Ok, setelah lelap tidur semalam, pagi, sesuai janji, gue
sudah dijemput untuk keliling Painan seri ke-2, Tempat pelelangan ikan,
dan batu kalang.
Di
daerah nelayan kebanyakan, aktivitas warga di tempat pelelangan ikan
ini pun biasa saja. Tapi, karena haus dengan suasana baru, apapun gue
lahap. Dan, memang, lagi-lagi bisa menikmati suasananya. Seru.
Tidak
lama kemudian, pindah ke lokasi lain, batu kalang.
Situs wisata alam
ini letaknya tidak jauh dari pelelangan ikan. Cukup menyusuri tepian
pantai, dan melalui jalan pintas desa nelayan, maka tibalah.
Painan,
atau kota kecamatan Tarusan, sepertinya memang memiliki garis pantai
yang teramat panjang. Selain memang lokasinya di pesisir selatan, kota
ini juga kaya dengan keindahan alam lainnya.Dan batu-batu besar yang
berserakan di tepian pantai, adalah paduan bukit dan pantai. Yup,
batu-batu berukuran besar hingga yang kecil, dulunya karena longsoran
dari bukit. Sebaran batunya panjang, menutup garis pantai. Dan di sisi
lainnya, kehidupan nelayan juga bisa menjadi bonus wisata.
Tapi,
sayang entrupsi air laut sudah sangat parah. Ini bisa dilihat dari
tumbangnya sejumlah pohon kelapa, dan naiknya garis pantai. Di beberapa
titik, dekat pemukiman warga nelayan, misalnya, sudah ada beton penahan
entrupsi. Makin lama memang semakin tergerus.
Satu hal lagi yang bisa
gue bagi adalah, sepertinya warga lokal sini, punya tradisi untuk
memakamkan keluarganya di lereng bukit. Tidak hanya di sini saja. Saat
menuju Painan dari Padang pun ada beberapa lokasi pemakaman yang berada
di lereng bukit.
Dua lokasi rasanya memang kurang, apalagai ada
tawaran untuk melihat situs lainnya. Tapi, karena keterbatasan waktu,
gue pun harus segera menyudahi keberadaan gue di Tarusan. Sesi terakhir,
pantai di depan desa.
Gue baru sekali ini melihat pulangnya para
nelayan dari melaut. G, kagum cara mereka, para nelayan, menafkahi diri.

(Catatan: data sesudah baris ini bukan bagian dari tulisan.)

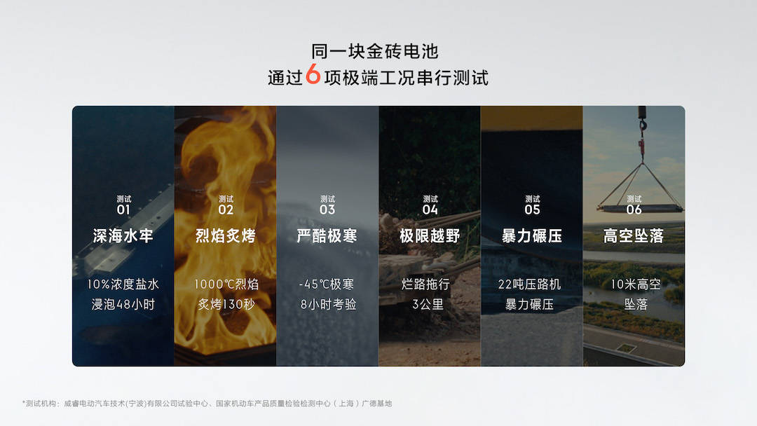 第三个是把难度拉满的「6项极端工况串行测试」,同一块金砖电池连续进行浸水、火烧、冰冻、拖行,再加上碾压、高坠6大极限测试,全行业绝无仅有的测试标准和难度,即便经历这样的地狱之旅,金砖电池依然不起火,无爆炸,保持“金身不破”。

Yang gue lihat sih, mereka tidak begitu gembira pagi itu, lantaran
hasil tangkapannya tidak begitu banyak. Padahal sudah semalaman mereka
berada di laut.
Pantai di titik ini, ternyata juga mengalami
pergeseran yang besar. 15 tahun lalu, garis pantai jauh ke tengah, dan
bisa dijadikan lapangan bola. Pulau kecil terdekatnya pun, tidak tampak
garis putih pantai. Namun, kini, semua berubah.
Satu hal yang gue ga
sukai, perpisahan. Tapi, harus tebal hati. Ada makna lain dari sebuah
perjalanan. Kehangatan warga lokal yang menjadi bonus liburan ini. Ayam
goreng balado, menggenapi gue di Tarusan, sebelum menuju Padang.